Go back to the Monday’s (3/15) lesson under the heading “Preliminary Analysis.” Check out all of the questions there to consider important information about your data set or database.

Also, go back to your Data Set Biography and Influence project. What questions from the prompt did you try to answer and what was most important to know if someone were to analyze data from that data set or database?

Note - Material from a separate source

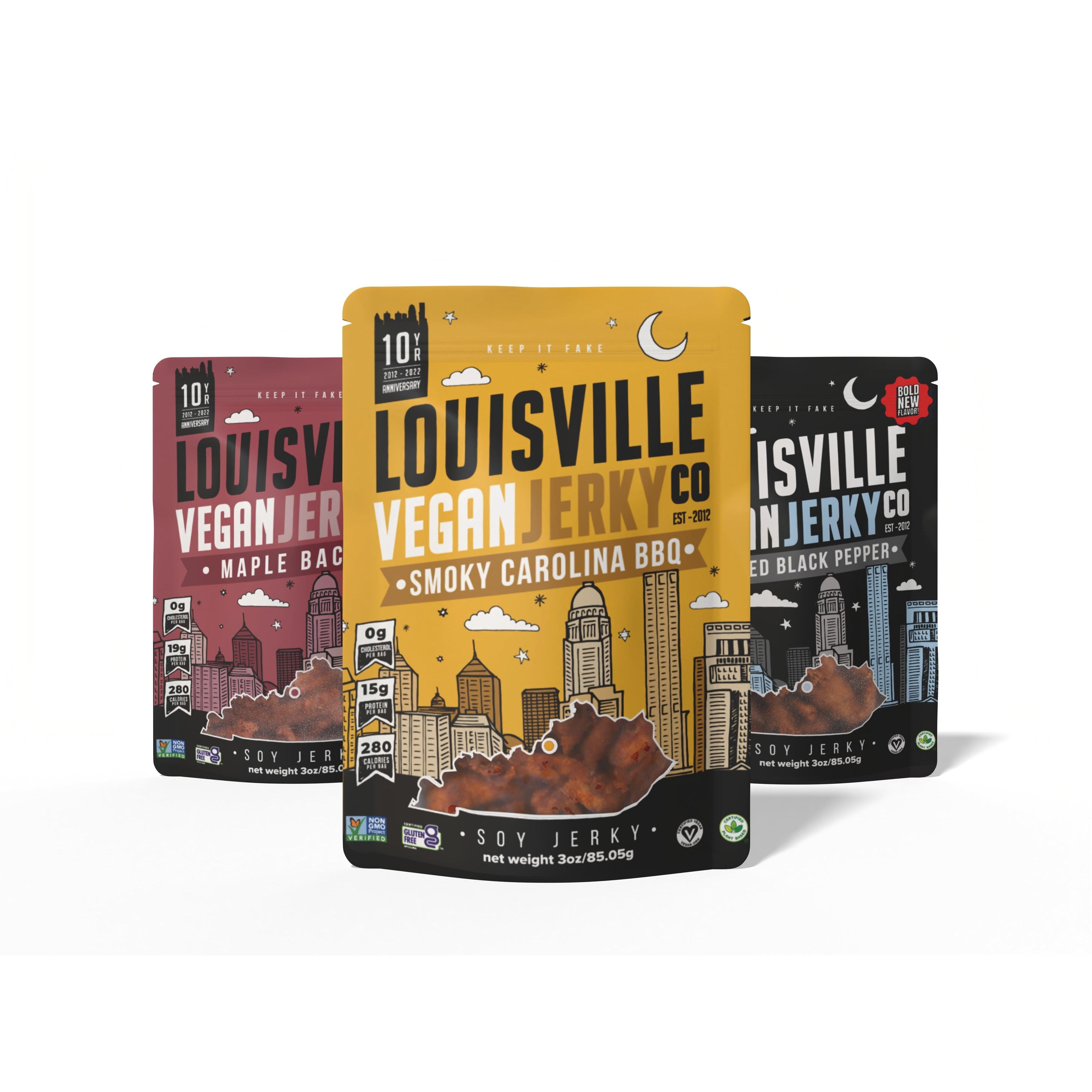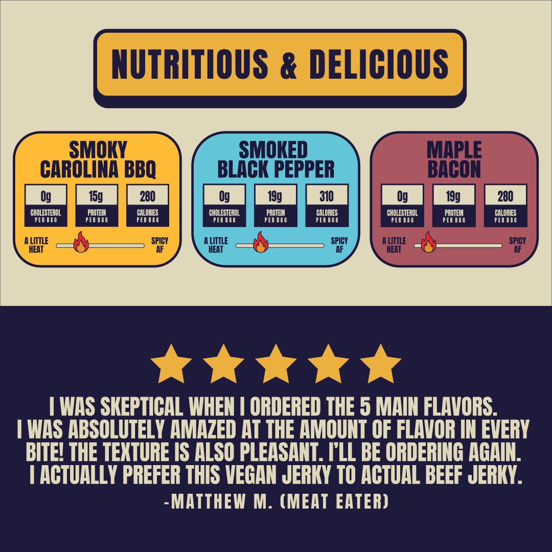 3 Bag Variety Pack | Best-Selling Flavors | Includes Maple Bacon, Smoked Black Pepper, & Smoky Carolina BBQ | Gluten-Free, Non-GMO, Plant-Based Jerky

Depending on how large a role your data set or database will play in your Data-Driven White Paper (e.g., maybe you only plan to talk about it in a couple of sentences vs. a whole section), how will you communicate important context?

 

Task

On 3/15, we talked about information to consider about data collection and important information about perspectives necessary for interpreting that data.

Let’s try out how you might communicate that. On Monday, March 22, we will talk about communicating about methods. Think of the task here as a first draft for writing about your methods of analysis.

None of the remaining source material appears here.